- Dataset records -
*** Block opens ***

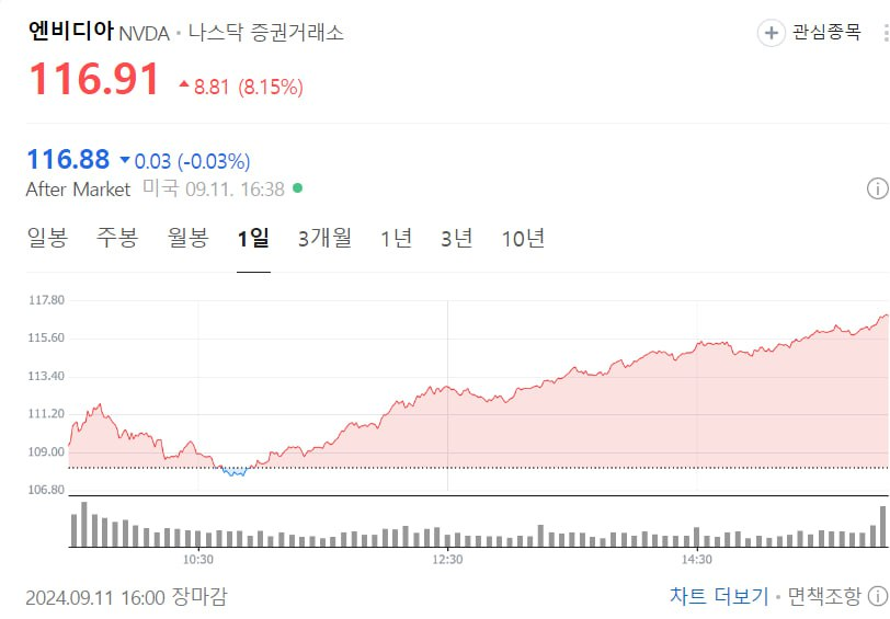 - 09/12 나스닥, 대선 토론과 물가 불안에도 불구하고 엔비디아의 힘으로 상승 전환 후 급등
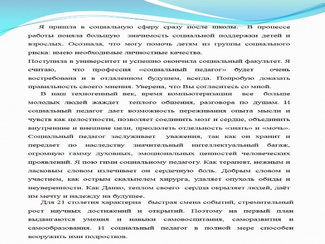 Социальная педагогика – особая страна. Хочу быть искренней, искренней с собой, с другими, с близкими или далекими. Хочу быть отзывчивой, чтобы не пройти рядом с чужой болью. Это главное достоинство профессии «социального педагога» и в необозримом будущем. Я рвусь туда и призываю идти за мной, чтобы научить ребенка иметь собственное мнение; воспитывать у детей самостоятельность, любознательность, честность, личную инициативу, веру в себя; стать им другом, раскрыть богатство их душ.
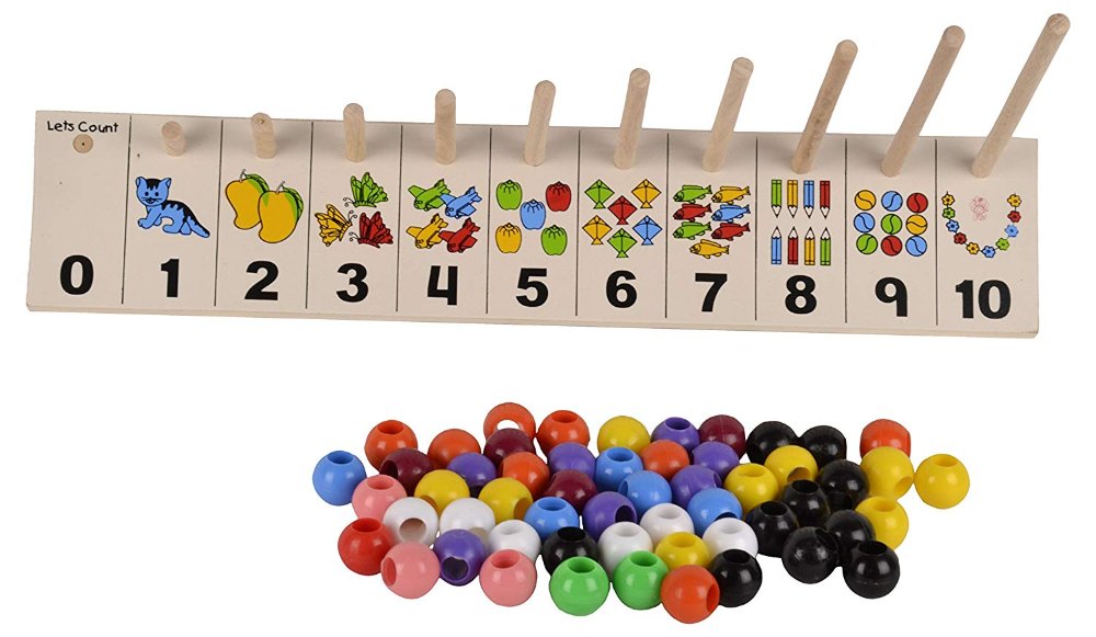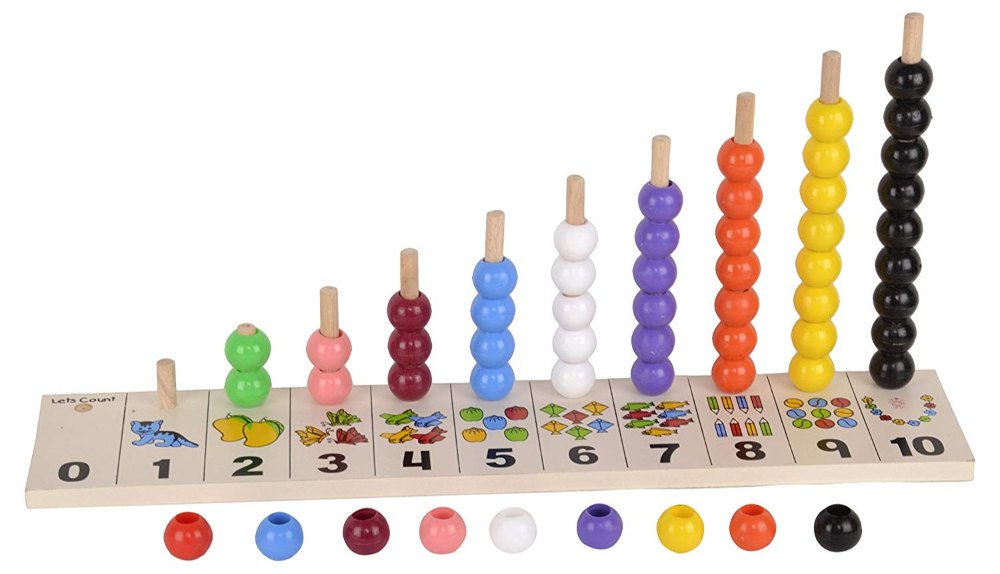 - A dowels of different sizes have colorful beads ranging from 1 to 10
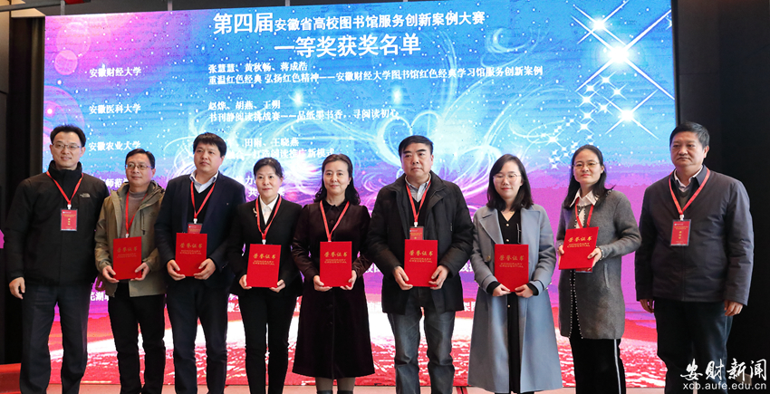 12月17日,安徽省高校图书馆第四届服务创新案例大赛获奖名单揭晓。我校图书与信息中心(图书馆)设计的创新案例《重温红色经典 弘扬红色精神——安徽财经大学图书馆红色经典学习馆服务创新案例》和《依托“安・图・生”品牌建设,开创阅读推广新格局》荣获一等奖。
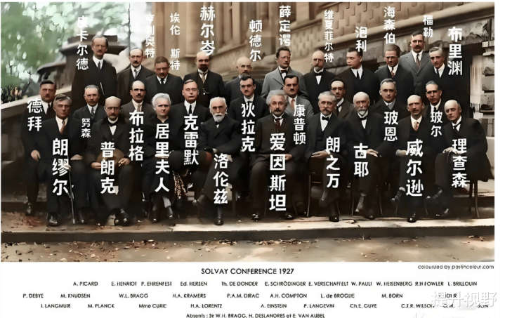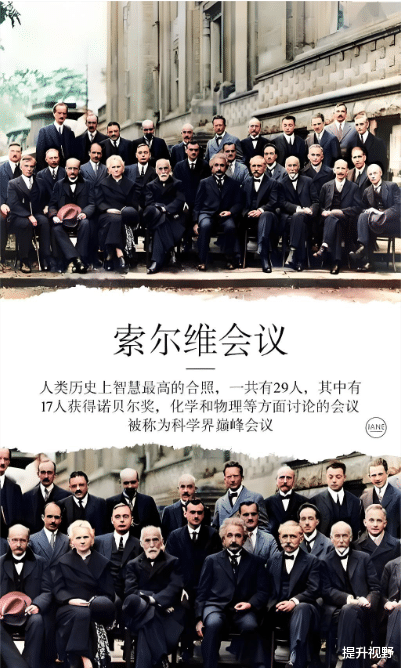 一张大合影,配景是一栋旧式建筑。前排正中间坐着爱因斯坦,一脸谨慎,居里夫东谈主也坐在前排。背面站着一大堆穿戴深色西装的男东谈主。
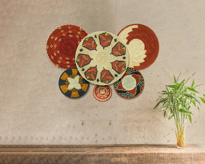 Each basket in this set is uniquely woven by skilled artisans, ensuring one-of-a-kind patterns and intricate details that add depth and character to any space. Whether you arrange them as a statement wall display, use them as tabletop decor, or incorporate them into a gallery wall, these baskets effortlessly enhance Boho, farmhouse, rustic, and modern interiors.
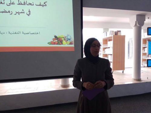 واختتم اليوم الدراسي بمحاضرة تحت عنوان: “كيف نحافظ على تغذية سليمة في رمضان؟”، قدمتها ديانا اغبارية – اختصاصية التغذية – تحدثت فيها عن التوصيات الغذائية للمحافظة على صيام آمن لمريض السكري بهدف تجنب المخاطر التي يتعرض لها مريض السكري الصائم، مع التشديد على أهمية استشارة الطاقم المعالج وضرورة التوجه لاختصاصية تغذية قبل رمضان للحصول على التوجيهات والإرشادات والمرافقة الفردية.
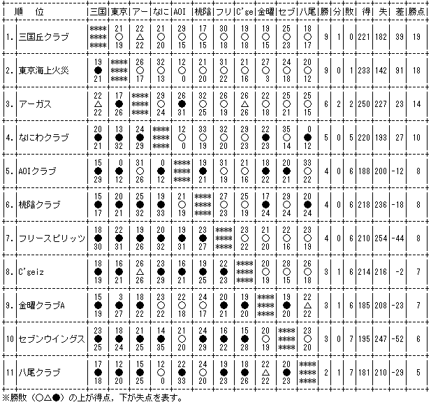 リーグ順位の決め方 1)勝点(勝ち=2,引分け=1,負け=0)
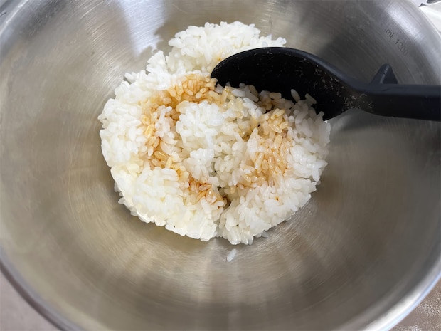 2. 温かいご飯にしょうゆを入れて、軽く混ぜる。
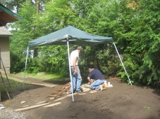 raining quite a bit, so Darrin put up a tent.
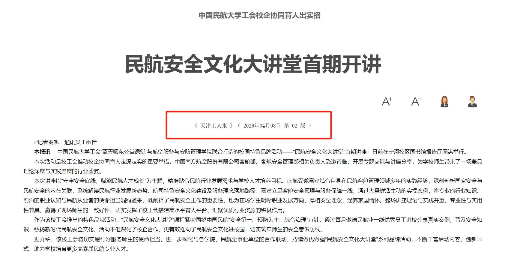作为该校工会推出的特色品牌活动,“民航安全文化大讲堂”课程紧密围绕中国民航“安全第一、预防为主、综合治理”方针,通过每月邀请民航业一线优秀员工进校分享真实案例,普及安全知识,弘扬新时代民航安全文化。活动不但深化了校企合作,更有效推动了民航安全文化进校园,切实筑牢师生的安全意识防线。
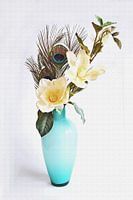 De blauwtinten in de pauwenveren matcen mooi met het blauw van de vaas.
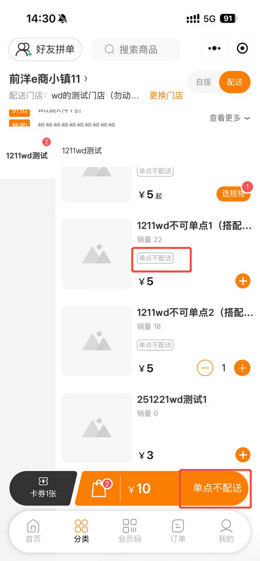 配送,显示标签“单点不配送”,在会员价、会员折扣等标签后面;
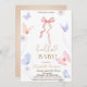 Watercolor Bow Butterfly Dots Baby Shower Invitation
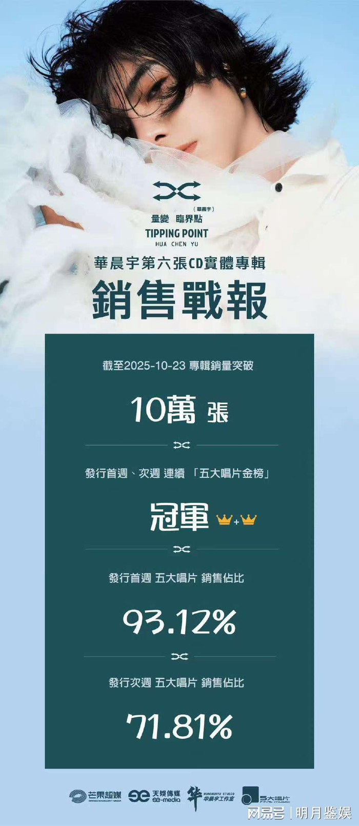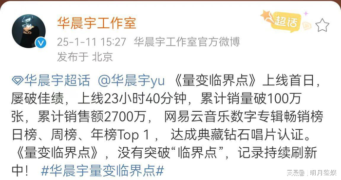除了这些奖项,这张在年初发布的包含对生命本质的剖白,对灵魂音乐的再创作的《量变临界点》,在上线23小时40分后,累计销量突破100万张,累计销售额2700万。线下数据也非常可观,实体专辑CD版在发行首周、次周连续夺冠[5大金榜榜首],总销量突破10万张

*** Block closes ***

Only the pictures are to be omitted; the records above must otherwise be reproduced exactly.

- Output for this task -
 - 09/12 나스닥, 대선 토론과 물가 불안에도 불구하고 엔비디아의 힘으로 상승 전환 후 급등
 Социальная педагогика – особая страна. Хочу быть искренней, искренней с собой, с другими, с близкими или далекими. Хочу быть отзывчивой, чтобы не пройти рядом с чужой болью. Это главное достоинство профессии «социального педагога» и в необозримом будущем. Я рвусь туда и призываю идти за мной, чтобы научить ребенка иметь собственное мнение; воспитывать у детей самостоятельность, любознательность, честность, личную инициативу, веру в себя; стать им другом, раскрыть богатство их душ.
 - A dowels of different sizes have colorful beads ranging from 1 to 10
 12月17日,安徽省高校图书馆第四届服务创新案例大赛获奖名单揭晓。我校图书与信息中心(图书馆)设计的创新案例《重温红色经典 弘扬红色精神——安徽财经大学图书馆红色经典学习馆服务创新案例》和《依托“安・图・生”品牌建设,开创阅读推广新格局》荣获一等奖。
 一张大合影,配景是一栋旧式建筑。前排正中间坐着爱因斯坦,一脸谨慎,居里夫东谈主也坐在前排。背面站着一大堆穿戴深色西装的男东谈主。
 Each basket in this set is uniquely woven by skilled artisans, ensuring one-of-a-kind patterns and intricate details that add depth and character to any space. Whether you arrange them as a statement wall display, use them as tabletop decor, or incorporate them into a gallery wall, these baskets effortlessly enhance Boho, farmhouse, rustic, and modern interiors.
 واختتم اليوم الدراسي بمحاضرة تحت عنوان: “كيف نحافظ على تغذية سليمة في رمضان؟”، قدمتها ديانا اغبارية – اختصاصية التغذية – تحدثت فيها عن التوصيات الغذائية للمحافظة على صيام آمن لمريض السكري بهدف تجنب المخاطر التي يتعرض لها مريض السكري الصائم، مع التشديد على أهمية استشارة الطاقم المعالج وضرورة التوجه لاختصاصية تغذية قبل رمضان للحصول على التوجيهات والإرشادات والمرافقة الفردية.
 リーグ順位の決め方 1)勝点(勝ち=2,引分け=1,負け=0)
 2. 温かいご飯にしょうゆを入れて、軽く混ぜる。
 raining quite a bit, so Darrin put up a tent.
作为该校工会推出的特色品牌活动,“民航安全文化大讲堂”课程紧密围绕中国民航“安全第一、预防为主、综合治理”方针,通过每月邀请民航业一线优秀员工进校分享真实案例,普及安全知识,弘扬新时代民航安全文化。活动不但深化了校企合作,更有效推动了民航安全文化进校园,切实筑牢师生的安全意识防线。
 De blauwtinten in de pauwenveren matcen mooi met het blauw van de vaas.
 配送,显示标签“单点不配送”,在会员价、会员折扣等标签后面;
 Watercolor Bow Butterfly Dots Baby Shower Invitation
除了这些奖项,这张在年初发布的包含对生命本质的剖白,对灵魂音乐的再创作的《量变临界点》,在上线23小时40分后,累计销量突破100万张,累计销售额2700万。线下数据也非常可观,实体专辑CD版在发行首周、次周连续夺冠[5大金榜榜首],总销量突破10万张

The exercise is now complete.